Source records:
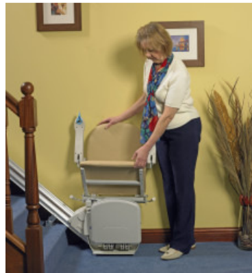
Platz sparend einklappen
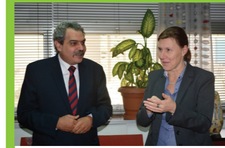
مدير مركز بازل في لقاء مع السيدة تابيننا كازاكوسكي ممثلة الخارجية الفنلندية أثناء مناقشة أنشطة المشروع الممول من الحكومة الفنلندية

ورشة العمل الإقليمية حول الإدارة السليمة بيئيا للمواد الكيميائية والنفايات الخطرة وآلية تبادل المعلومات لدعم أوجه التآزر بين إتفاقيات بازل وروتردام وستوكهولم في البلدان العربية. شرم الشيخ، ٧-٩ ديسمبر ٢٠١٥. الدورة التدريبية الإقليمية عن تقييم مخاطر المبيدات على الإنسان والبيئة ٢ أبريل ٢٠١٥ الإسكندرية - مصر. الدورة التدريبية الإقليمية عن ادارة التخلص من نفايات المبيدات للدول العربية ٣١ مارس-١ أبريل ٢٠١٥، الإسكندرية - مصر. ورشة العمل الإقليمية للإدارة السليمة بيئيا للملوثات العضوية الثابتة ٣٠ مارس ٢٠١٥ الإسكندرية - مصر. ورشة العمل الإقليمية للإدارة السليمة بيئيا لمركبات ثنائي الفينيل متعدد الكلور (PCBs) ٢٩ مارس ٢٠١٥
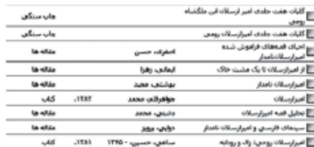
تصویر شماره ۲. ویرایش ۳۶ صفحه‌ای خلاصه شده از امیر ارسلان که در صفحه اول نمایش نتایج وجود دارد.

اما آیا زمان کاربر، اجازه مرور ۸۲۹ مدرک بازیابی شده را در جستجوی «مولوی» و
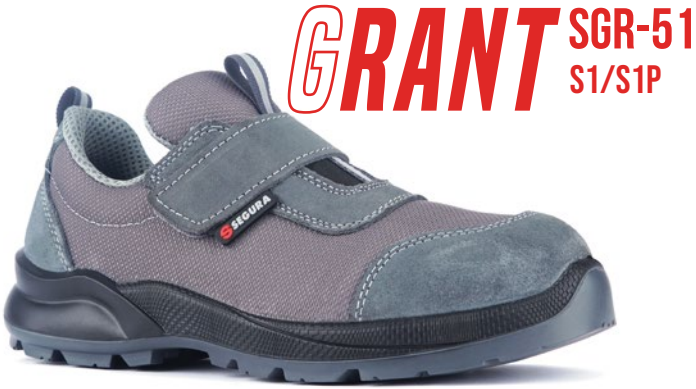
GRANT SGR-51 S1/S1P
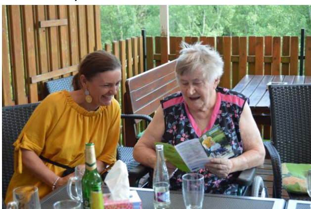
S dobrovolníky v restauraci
* * *
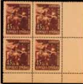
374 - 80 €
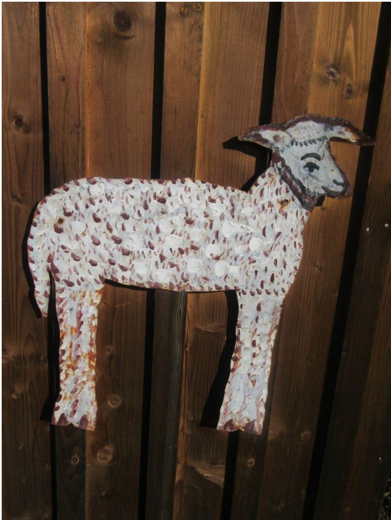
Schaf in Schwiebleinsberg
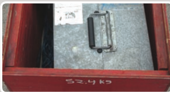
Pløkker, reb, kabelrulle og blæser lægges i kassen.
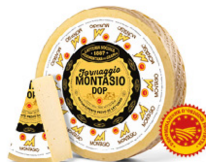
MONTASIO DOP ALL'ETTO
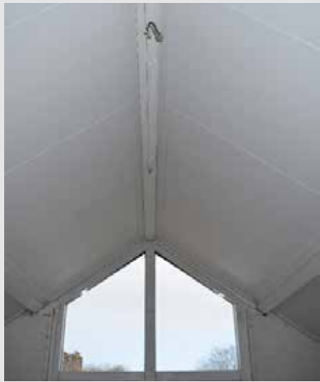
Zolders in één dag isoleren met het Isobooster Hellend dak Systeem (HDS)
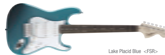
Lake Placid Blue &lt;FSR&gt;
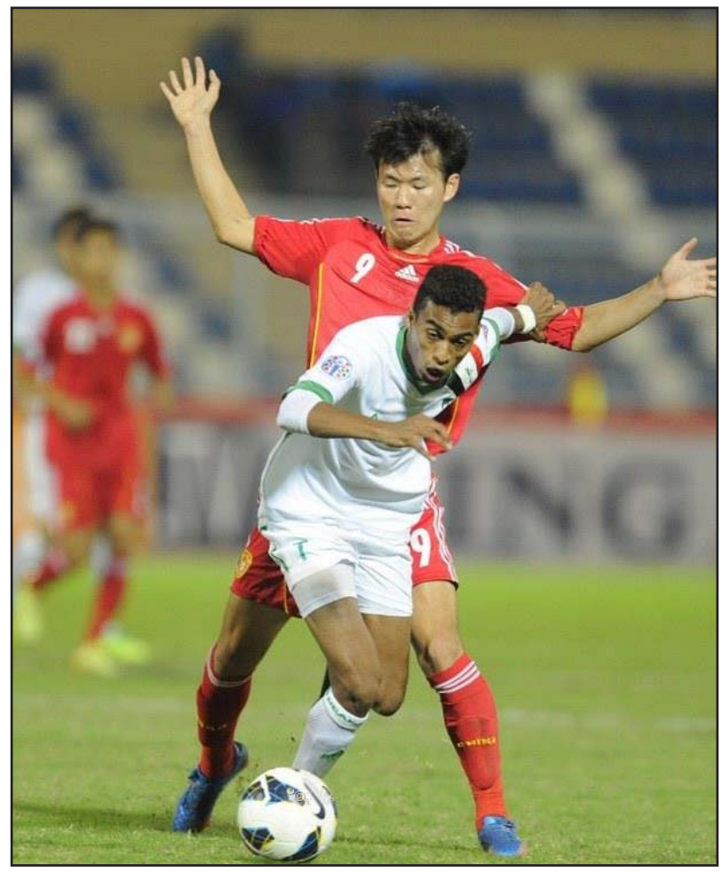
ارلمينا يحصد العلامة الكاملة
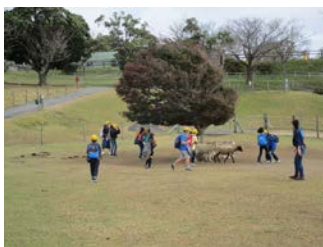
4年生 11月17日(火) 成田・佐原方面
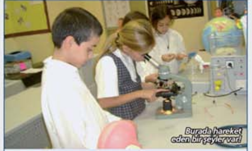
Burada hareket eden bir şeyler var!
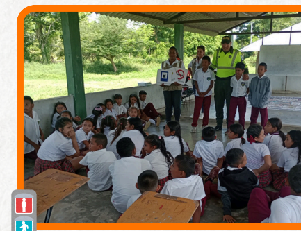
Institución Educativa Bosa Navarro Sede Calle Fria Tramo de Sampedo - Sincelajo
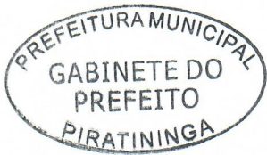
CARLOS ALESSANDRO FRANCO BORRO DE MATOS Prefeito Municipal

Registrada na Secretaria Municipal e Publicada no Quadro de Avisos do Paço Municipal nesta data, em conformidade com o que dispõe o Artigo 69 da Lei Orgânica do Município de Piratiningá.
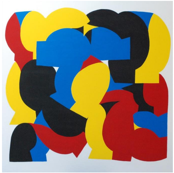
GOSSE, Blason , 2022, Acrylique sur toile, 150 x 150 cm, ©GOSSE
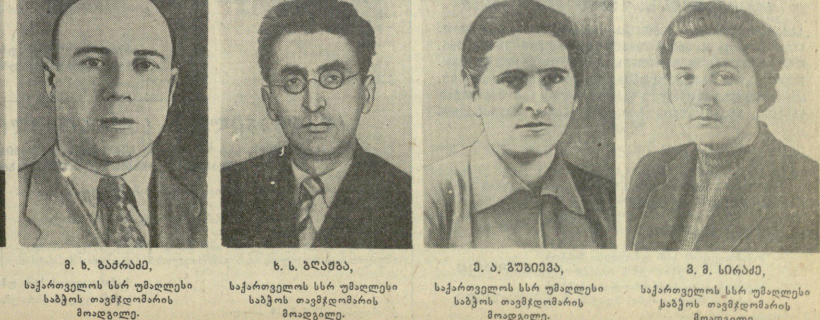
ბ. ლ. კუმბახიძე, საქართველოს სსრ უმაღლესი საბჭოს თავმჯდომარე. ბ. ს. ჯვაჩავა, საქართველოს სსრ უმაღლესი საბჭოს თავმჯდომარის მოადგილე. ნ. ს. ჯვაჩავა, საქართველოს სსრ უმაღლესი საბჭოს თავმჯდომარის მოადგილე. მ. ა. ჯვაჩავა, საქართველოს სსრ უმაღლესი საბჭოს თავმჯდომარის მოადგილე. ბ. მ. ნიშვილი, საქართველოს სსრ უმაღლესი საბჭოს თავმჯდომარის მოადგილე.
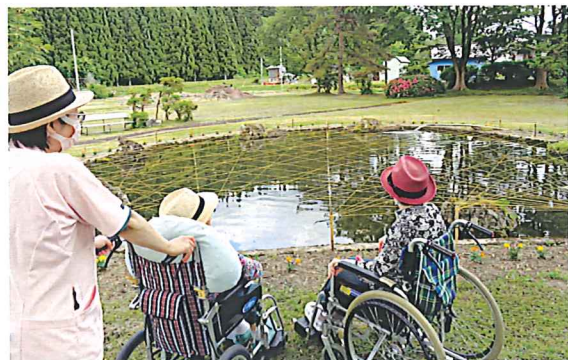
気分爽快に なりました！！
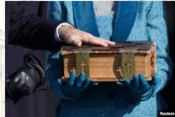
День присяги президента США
* * *
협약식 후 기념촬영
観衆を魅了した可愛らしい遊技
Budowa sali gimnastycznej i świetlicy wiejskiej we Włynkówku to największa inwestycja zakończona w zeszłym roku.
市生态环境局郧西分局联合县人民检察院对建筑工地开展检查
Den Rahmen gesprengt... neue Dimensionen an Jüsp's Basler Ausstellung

[DESCRIPTION OF THE TASK]
Return the stretch of data that begins with the line showing "MONTASIO DOP ALL'ETTO" and goes on through the line showing "Institución Educativa Bosa", exactly, with pictures removed.

[EXERCISE RESPONSE]
MONTASIO DOP ALL'ETTO
Zolders in één dag isoleren met het Isobooster Hellend dak Systeem (HDS)
Lake Placid Blue &lt;FSR&gt;
ارلمينا يحصد العلامة الكاملة
4年生 11月17日(火) 成田・佐原方面
Burada hareket eden bir şeyler var!
Institución Educativa Bosa Navarro Sede Calle Fria Tramo de Sampedo - Sincelajo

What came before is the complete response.